▶ _RECORDS FOR THE TASK_:

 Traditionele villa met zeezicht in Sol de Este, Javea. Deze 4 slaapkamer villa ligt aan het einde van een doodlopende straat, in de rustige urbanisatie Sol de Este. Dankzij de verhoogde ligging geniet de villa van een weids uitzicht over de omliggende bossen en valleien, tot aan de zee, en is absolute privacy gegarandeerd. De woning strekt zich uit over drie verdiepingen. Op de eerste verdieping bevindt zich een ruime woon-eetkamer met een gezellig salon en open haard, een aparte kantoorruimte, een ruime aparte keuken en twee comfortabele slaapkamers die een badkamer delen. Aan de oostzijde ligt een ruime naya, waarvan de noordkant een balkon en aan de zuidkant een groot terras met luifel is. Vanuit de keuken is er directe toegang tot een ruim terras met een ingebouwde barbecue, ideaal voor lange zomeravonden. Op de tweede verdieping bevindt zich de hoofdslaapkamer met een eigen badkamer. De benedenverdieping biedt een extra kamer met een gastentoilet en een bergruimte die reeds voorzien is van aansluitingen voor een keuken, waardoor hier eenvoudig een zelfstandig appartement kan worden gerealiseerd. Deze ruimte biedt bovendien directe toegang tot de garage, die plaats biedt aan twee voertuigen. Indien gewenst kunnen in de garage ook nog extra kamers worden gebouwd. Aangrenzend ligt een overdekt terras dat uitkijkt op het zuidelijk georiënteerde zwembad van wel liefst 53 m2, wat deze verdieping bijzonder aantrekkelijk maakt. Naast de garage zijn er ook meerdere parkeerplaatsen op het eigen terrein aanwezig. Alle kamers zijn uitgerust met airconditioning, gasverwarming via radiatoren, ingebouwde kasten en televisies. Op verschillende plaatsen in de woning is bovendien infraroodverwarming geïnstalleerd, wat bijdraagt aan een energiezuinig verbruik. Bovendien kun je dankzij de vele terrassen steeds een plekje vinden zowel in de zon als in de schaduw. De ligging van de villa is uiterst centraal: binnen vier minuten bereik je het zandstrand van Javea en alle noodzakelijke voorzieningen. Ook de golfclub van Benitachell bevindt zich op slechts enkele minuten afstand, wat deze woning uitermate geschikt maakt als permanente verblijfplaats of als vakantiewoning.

* * *

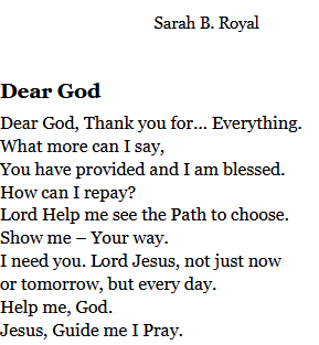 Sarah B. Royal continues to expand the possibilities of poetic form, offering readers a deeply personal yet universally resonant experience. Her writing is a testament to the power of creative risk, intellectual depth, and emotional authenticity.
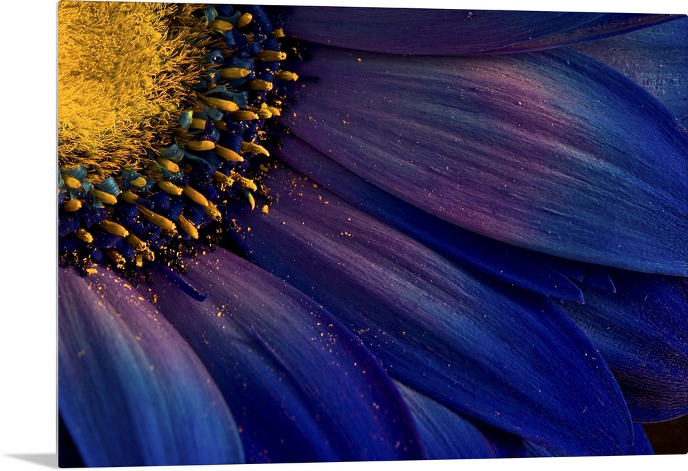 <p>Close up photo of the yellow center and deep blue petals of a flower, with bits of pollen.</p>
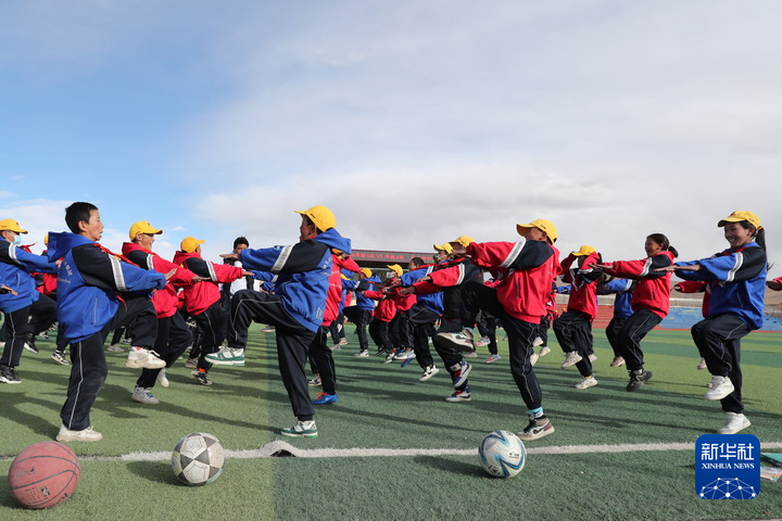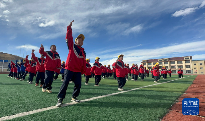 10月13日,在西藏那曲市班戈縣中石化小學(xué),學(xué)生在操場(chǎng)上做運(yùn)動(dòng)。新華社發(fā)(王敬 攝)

▶ _ABOUT THIS EXERCISE_: Using the data above, set down each line from the line with "Sarah B. Royal" to the line with "10月13日,在西藏那曲市班" exactly, both ends included, and leave the pictures behind. Nothing else belongs.

▶ _SOLVED EXERCISE_:
 Sarah B. Royal continues to expand the possibilities of poetic form, offering readers a deeply personal yet universally resonant experience. Her writing is a testament to the power of creative risk, intellectual depth, and emotional authenticity.
 <p>Close up photo of the yellow center and deep blue petals of a flower, with bits of pollen.</p>
 10月13日,在西藏那曲市班戈縣中石化小學(xué),學(xué)生在操場(chǎng)上做運(yùn)動(dòng)。新華社發(fā)(王敬 攝)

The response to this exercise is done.